(Dataset records)
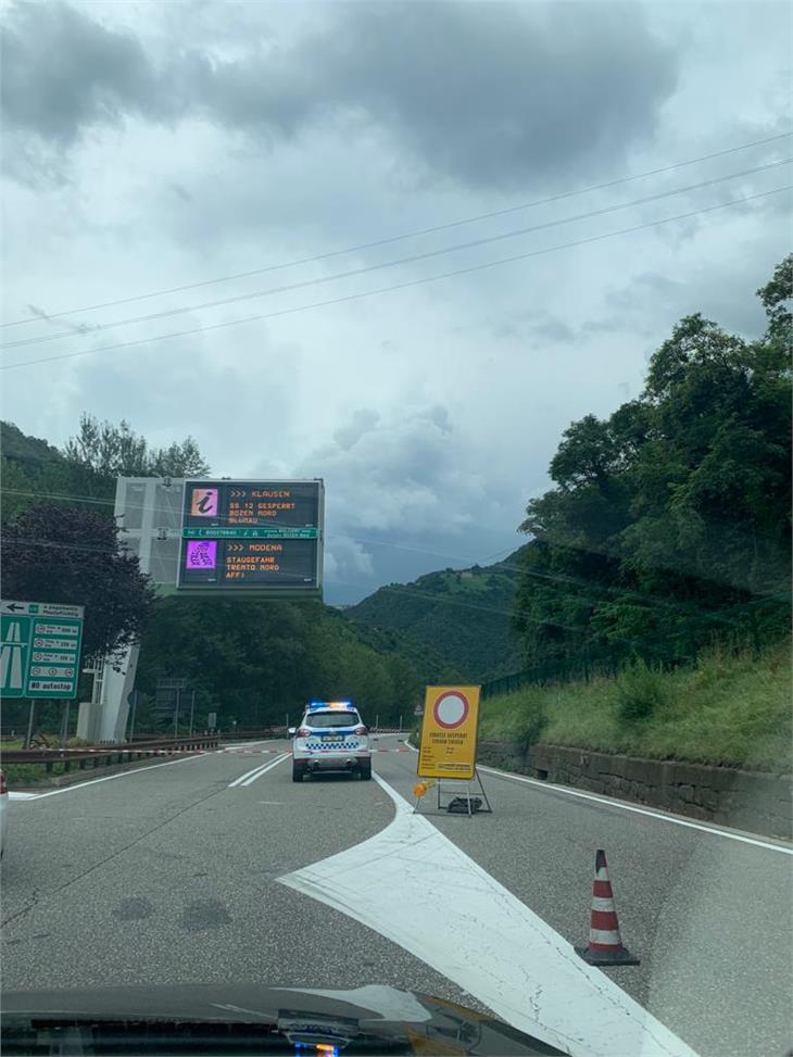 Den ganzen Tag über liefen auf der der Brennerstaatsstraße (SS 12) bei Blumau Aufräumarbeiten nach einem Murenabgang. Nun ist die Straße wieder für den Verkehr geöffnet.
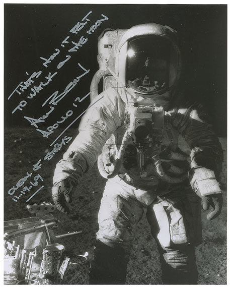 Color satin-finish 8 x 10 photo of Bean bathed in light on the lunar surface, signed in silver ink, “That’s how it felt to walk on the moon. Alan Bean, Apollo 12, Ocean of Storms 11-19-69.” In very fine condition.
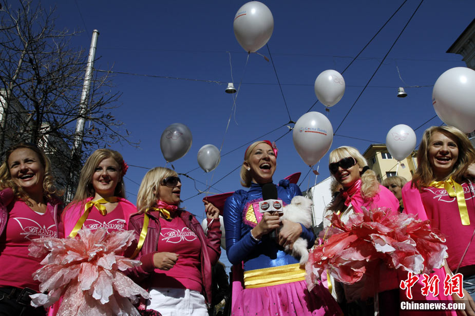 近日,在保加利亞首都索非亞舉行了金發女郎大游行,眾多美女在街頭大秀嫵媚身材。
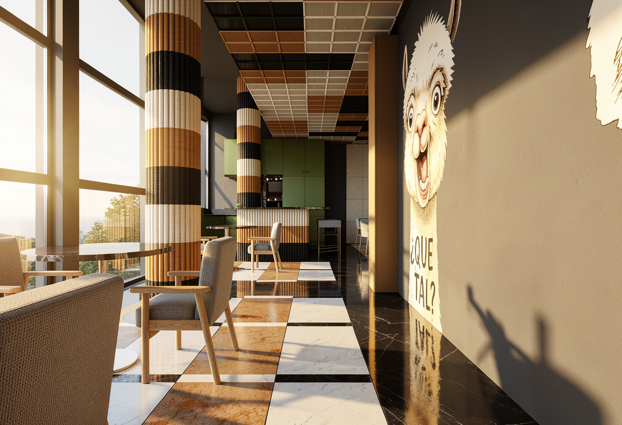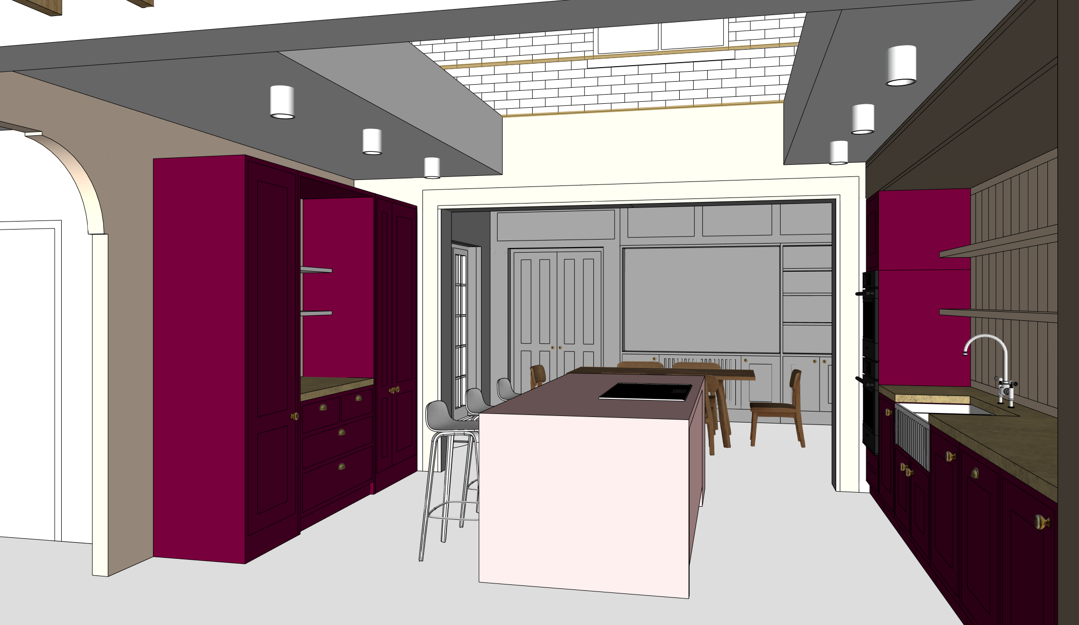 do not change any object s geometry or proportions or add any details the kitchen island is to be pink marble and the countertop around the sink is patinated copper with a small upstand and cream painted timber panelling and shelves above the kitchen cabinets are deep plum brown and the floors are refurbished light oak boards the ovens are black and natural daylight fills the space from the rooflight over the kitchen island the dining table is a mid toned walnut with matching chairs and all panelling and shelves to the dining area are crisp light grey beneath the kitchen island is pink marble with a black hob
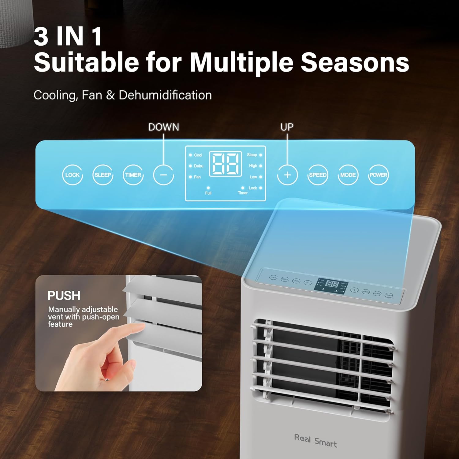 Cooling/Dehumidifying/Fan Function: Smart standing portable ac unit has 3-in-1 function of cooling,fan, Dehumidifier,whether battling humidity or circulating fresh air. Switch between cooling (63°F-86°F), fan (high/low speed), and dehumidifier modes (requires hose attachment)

#### Task details:
Without altering anything, output all the lines above but none of the images.

#### Finished exercise:
 Den ganzen Tag über liefen auf der der Brennerstaatsstraße (SS 12) bei Blumau Aufräumarbeiten nach einem Murenabgang. Nun ist die Straße wieder für den Verkehr geöffnet.
 Color satin-finish 8 x 10 photo of Bean bathed in light on the lunar surface, signed in silver ink, “That’s how it felt to walk on the moon. Alan Bean, Apollo 12, Ocean of Storms 11-19-69.” In very fine condition.
 近日,在保加利亞首都索非亞舉行了金發女郎大游行,眾多美女在街頭大秀嫵媚身材。
 do not change any object s geometry or proportions or add any details the kitchen island is to be pink marble and the countertop around the sink is patinated copper with a small upstand and cream painted timber panelling and shelves above the kitchen cabinets are deep plum brown and the floors are refurbished light oak boards the ovens are black and natural daylight fills the space from the rooflight over the kitchen island the dining table is a mid toned walnut with matching chairs and all panelling and shelves to the dining area are crisp light grey beneath the kitchen island is pink marble with a black hob
 Cooling/Dehumidifying/Fan Function: Smart standing portable ac unit has 3-in-1 function of cooling,fan, Dehumidifier,whether battling humidity or circulating fresh air. Switch between cooling (63°F-86°F), fan (high/low speed), and dehumidifier modes (requires hose attachment)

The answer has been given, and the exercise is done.